• RECORDS FOR THIS EXERCISE:
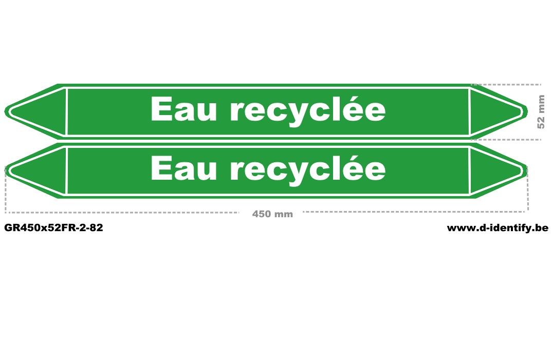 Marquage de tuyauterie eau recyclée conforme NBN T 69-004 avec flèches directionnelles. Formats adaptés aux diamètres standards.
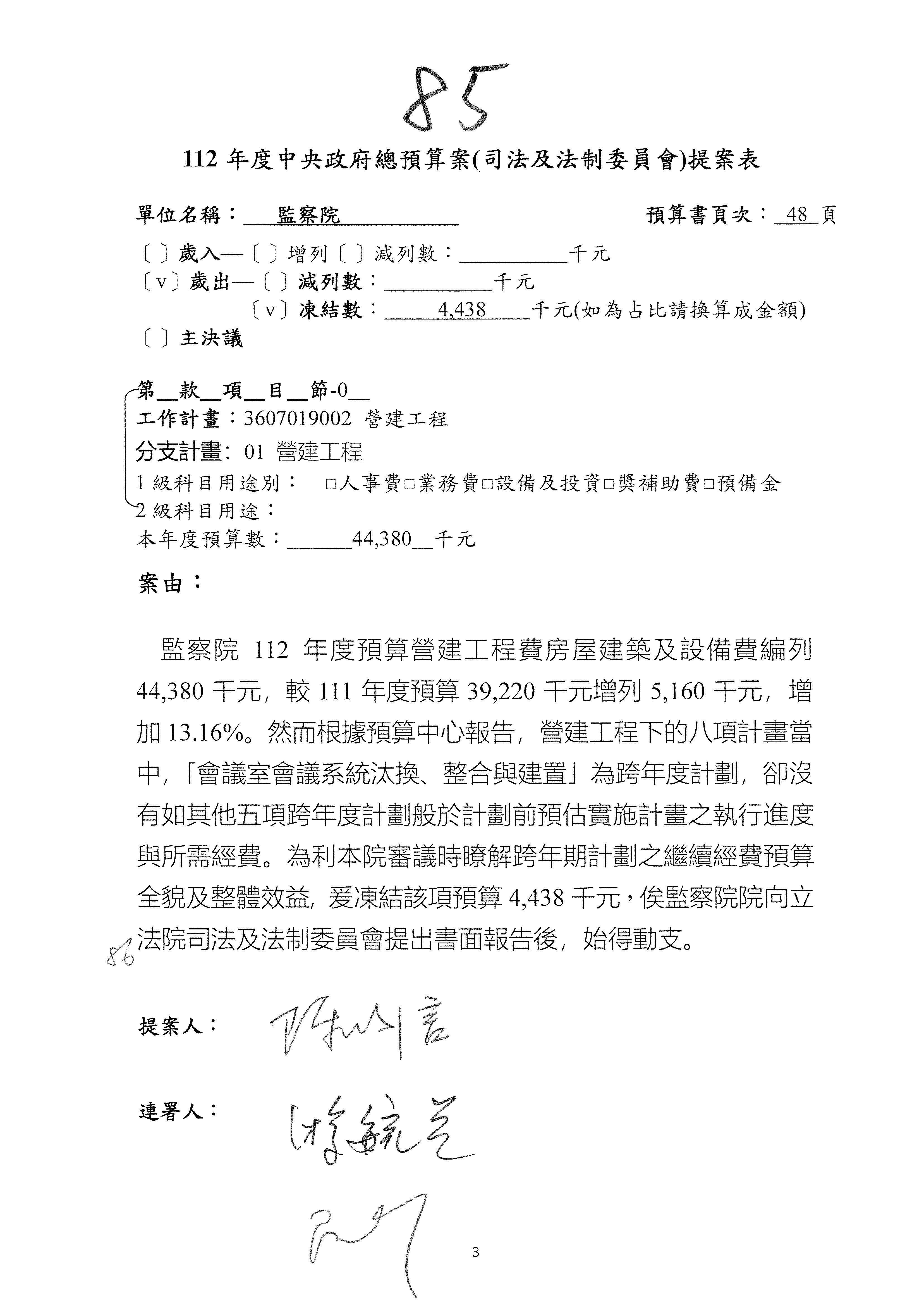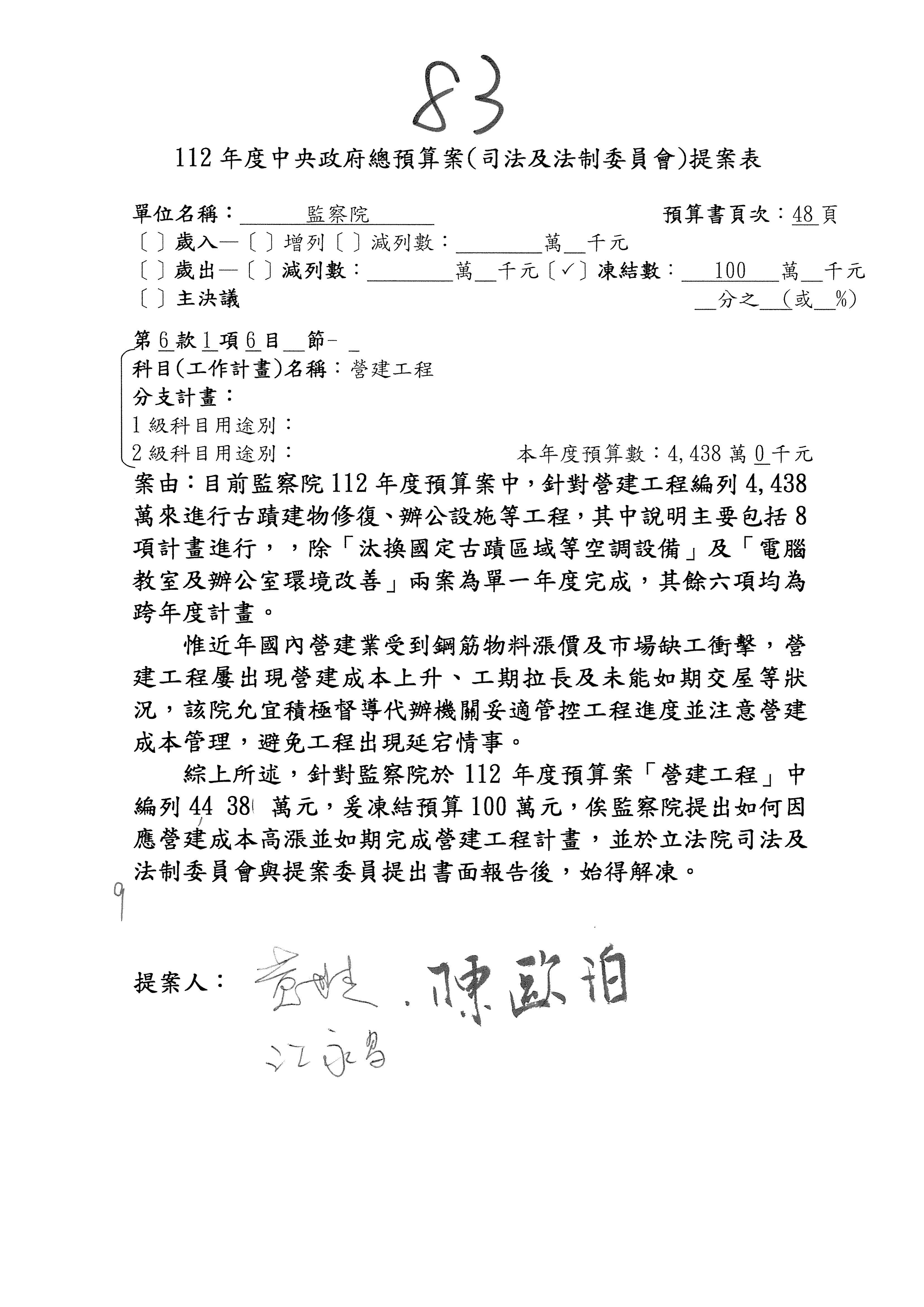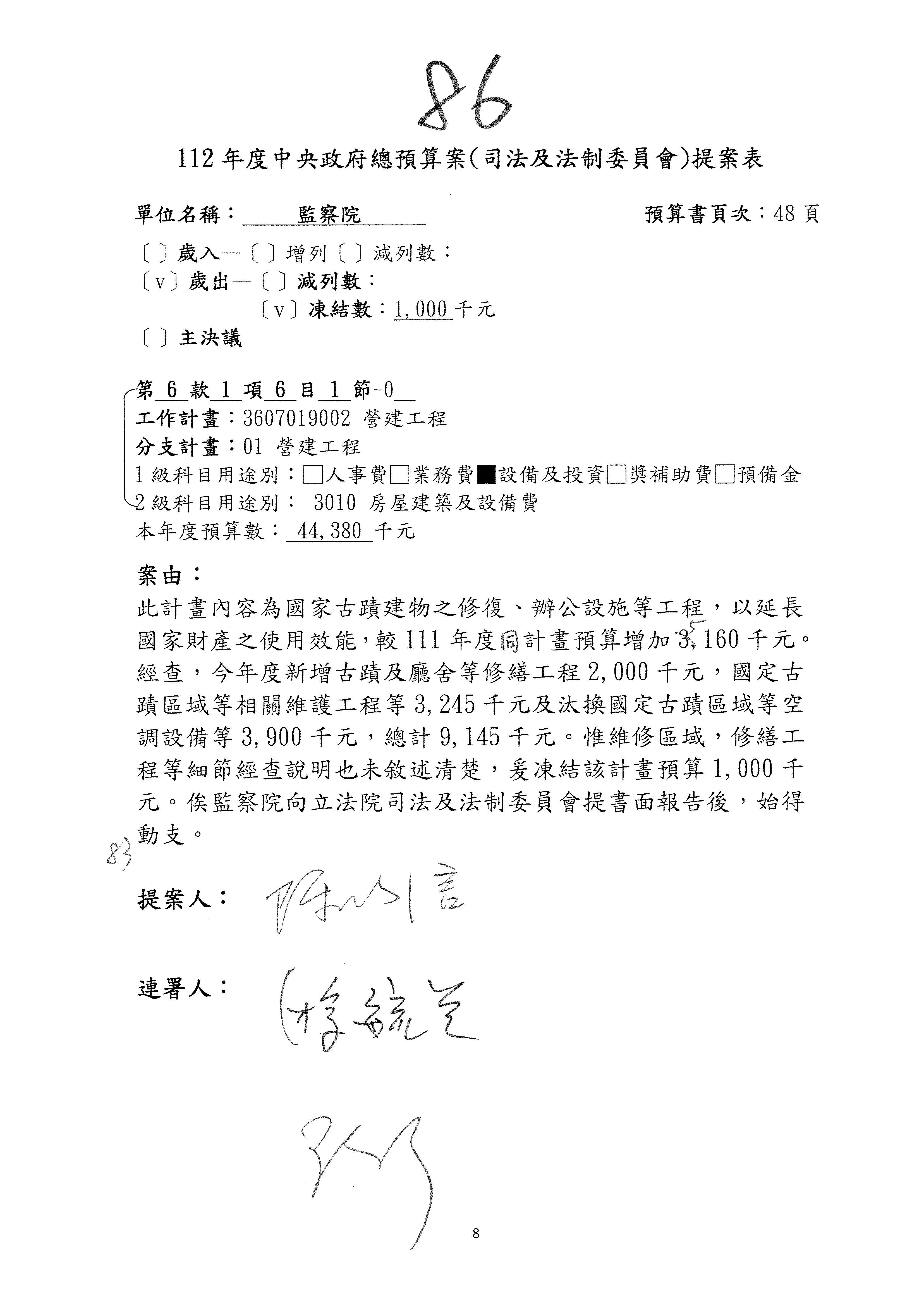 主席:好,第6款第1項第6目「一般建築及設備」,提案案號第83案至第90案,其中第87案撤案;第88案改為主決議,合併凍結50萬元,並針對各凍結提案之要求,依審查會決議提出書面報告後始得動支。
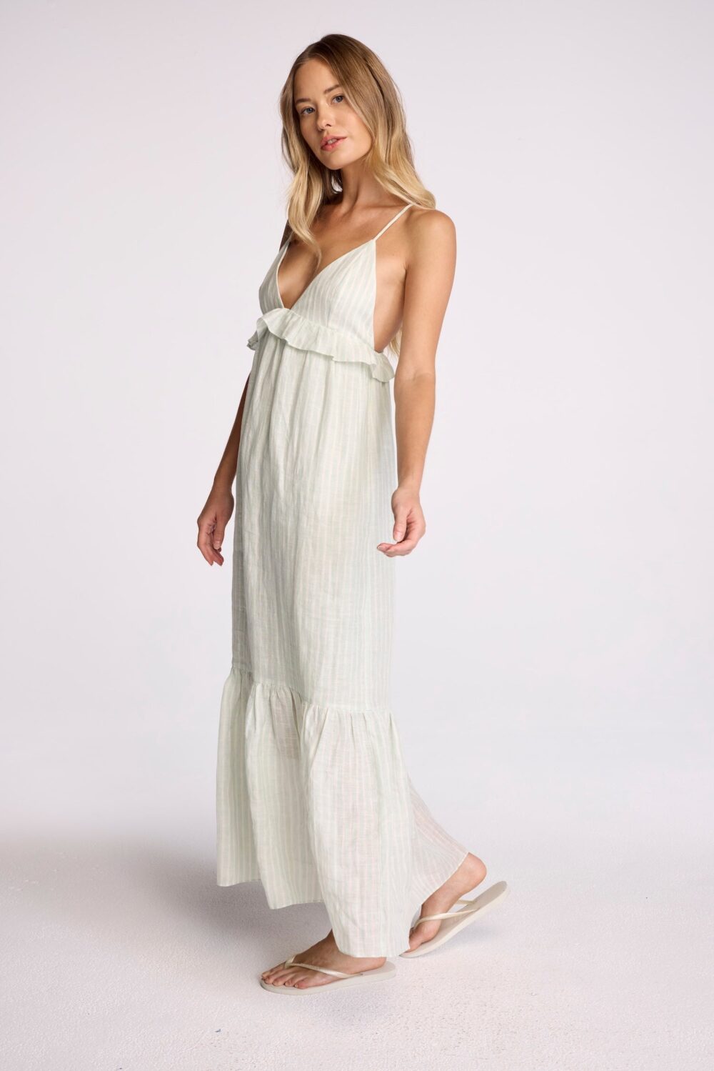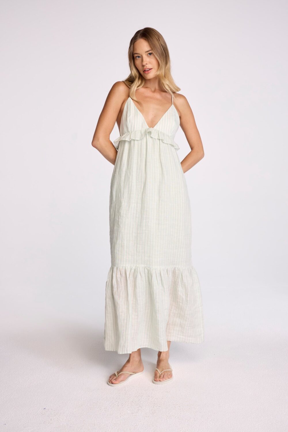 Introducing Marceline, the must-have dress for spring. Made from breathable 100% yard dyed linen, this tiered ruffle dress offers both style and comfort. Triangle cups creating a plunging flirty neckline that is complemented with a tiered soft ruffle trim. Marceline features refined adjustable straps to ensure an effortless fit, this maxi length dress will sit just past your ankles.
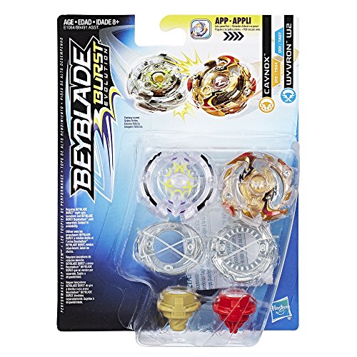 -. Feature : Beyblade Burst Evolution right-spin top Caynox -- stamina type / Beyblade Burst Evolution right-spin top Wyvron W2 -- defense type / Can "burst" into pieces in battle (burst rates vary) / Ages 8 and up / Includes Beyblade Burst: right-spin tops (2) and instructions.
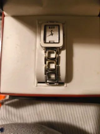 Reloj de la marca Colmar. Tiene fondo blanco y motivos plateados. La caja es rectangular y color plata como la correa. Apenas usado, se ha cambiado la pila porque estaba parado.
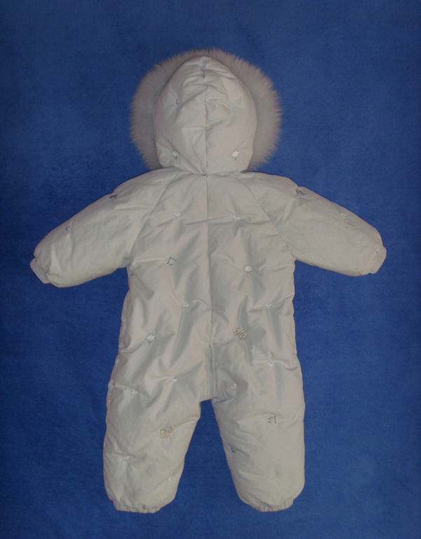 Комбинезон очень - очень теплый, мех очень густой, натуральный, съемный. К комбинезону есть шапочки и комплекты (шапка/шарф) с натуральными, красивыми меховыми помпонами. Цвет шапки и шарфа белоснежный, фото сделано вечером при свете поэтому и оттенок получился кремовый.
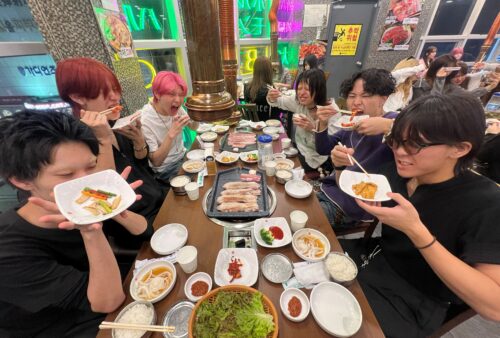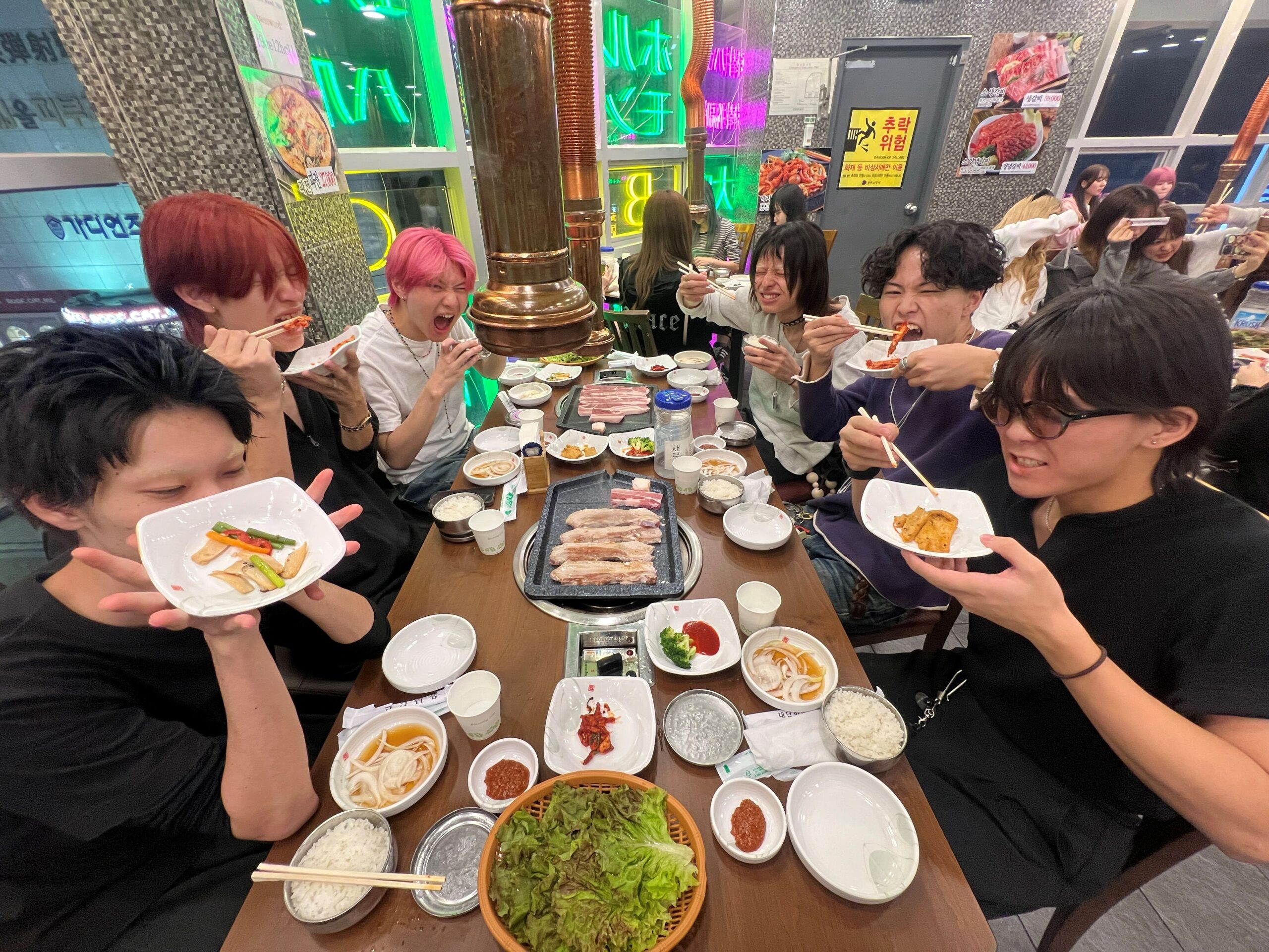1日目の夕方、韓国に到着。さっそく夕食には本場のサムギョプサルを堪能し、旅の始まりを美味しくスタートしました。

• DIRECTIONS FOR THIS TASK: Every picture stays out; reproduce exactly the lines from the one with "Reloj de la" through the last line of the data above.

• EXERCISE RESULT:
 Reloj de la marca Colmar. Tiene fondo blanco y motivos plateados. La caja es rectangular y color plata como la correa. Apenas usado, se ha cambiado la pila porque estaba parado.
 Комбинезон очень - очень теплый, мех очень густой, натуральный, съемный. К комбинезону есть шапочки и комплекты (шапка/шарф) с натуральными, красивыми меховыми помпонами. Цвет шапки и шарфа белоснежный, фото сделано вечером при свете поэтому и оттенок получился кремовый.
1日目の夕方、韓国に到着。さっそく夕食には本場のサムギョプサルを堪能し、旅の始まりを美味しくスタートしました。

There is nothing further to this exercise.